● Task prompt
Your answer should hold exactly the lines below from the line with "Reflecting the spirit" through the line with "Sandales plates en", both included, and no pictures at all.

*** Opening Source information ***

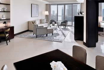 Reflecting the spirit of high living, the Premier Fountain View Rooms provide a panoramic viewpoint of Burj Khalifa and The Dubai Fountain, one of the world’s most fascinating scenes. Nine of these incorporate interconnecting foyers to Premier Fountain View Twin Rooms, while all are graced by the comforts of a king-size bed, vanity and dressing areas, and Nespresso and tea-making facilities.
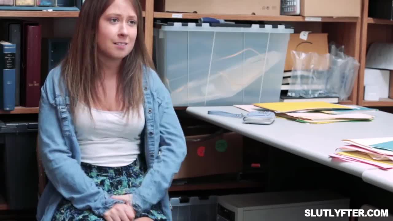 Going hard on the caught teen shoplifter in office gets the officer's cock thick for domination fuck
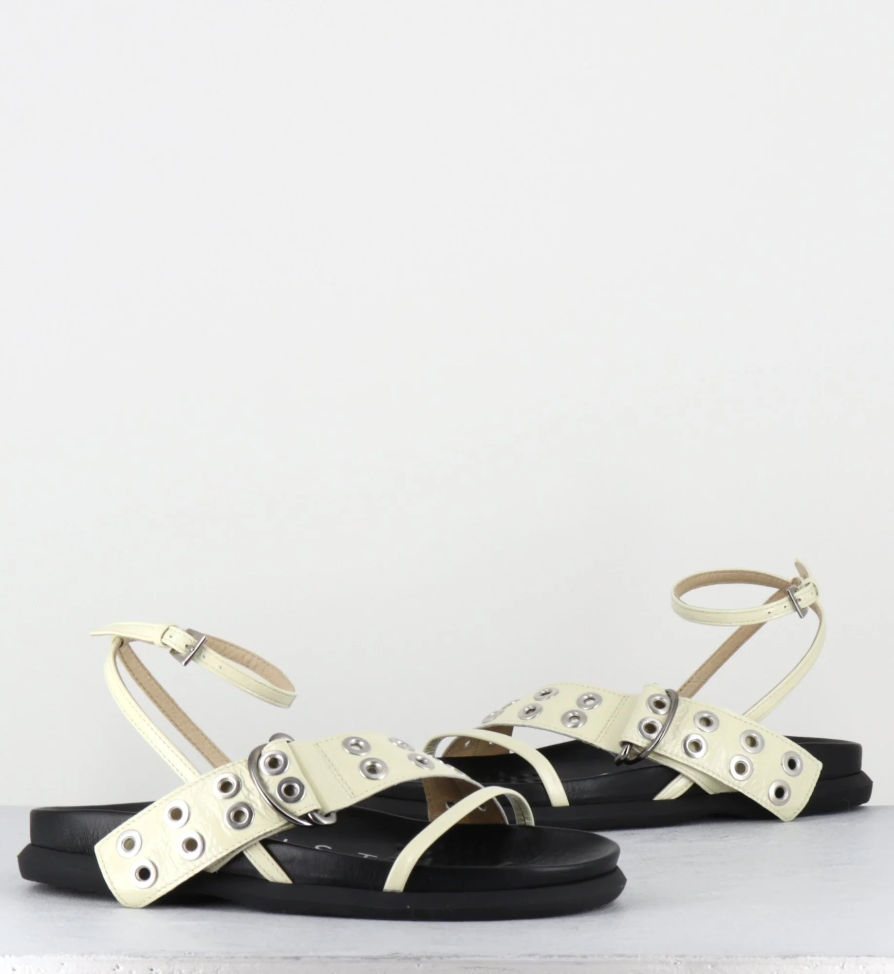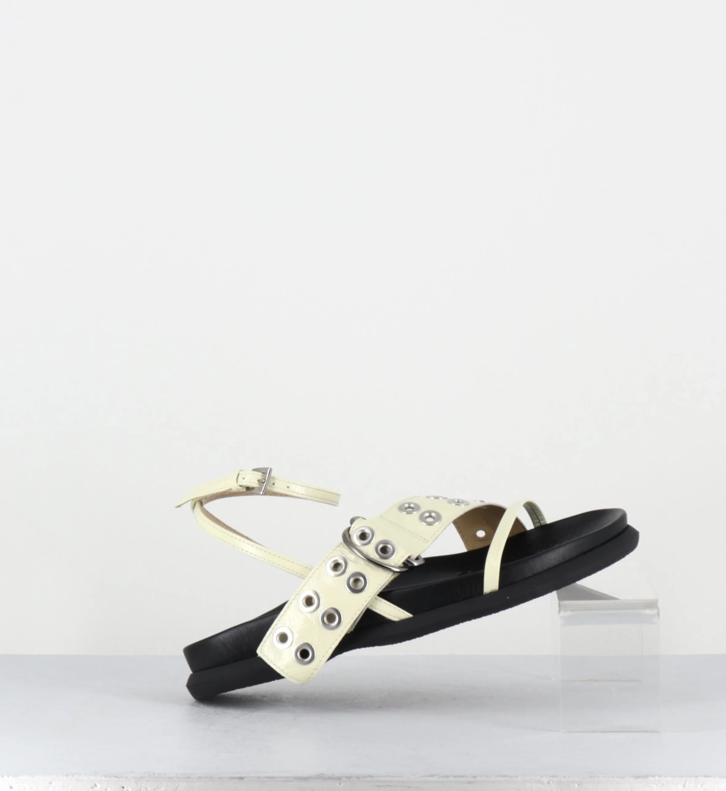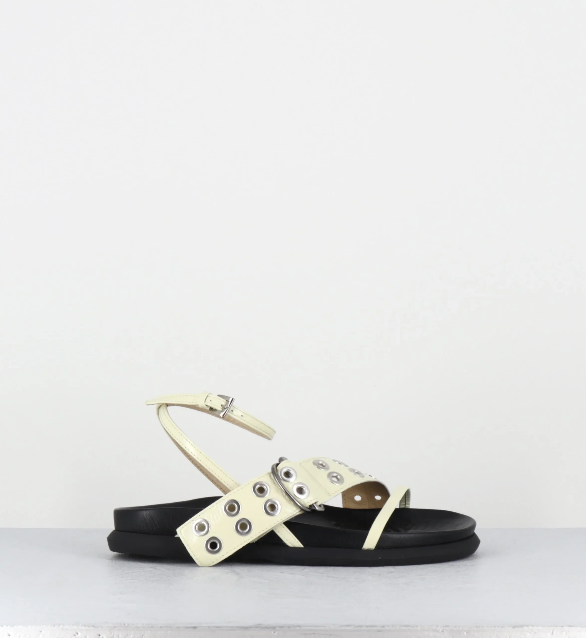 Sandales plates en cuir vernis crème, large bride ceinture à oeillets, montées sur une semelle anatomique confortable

*** Closing Source information ***
*** Opening Source information ***

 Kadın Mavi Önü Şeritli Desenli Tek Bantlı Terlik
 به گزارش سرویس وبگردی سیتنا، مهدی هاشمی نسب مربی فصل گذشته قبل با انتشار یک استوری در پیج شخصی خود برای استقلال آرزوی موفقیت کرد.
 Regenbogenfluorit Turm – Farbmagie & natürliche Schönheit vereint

*** Closing Source information ***
*** Opening Source information ***

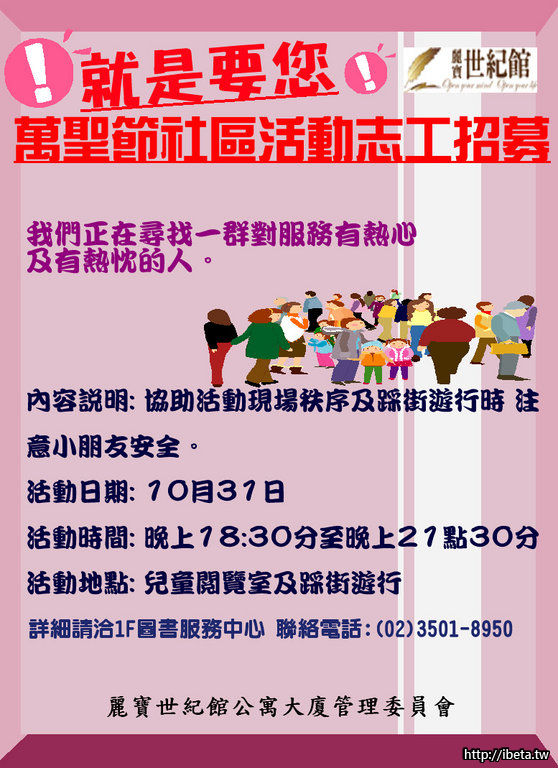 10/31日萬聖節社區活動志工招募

*** Closing Source information ***

● Exercise result
 Reflecting the spirit of high living, the Premier Fountain View Rooms provide a panoramic viewpoint of Burj Khalifa and The Dubai Fountain, one of the world’s most fascinating scenes. Nine of these incorporate interconnecting foyers to Premier Fountain View Twin Rooms, while all are graced by the comforts of a king-size bed, vanity and dressing areas, and Nespresso and tea-making facilities.
 Going hard on the caught teen shoplifter in office gets the officer's cock thick for domination fuck
 Sandales plates en cuir vernis crème, large bride ceinture à oeillets, montées sur une semelle anatomique confortable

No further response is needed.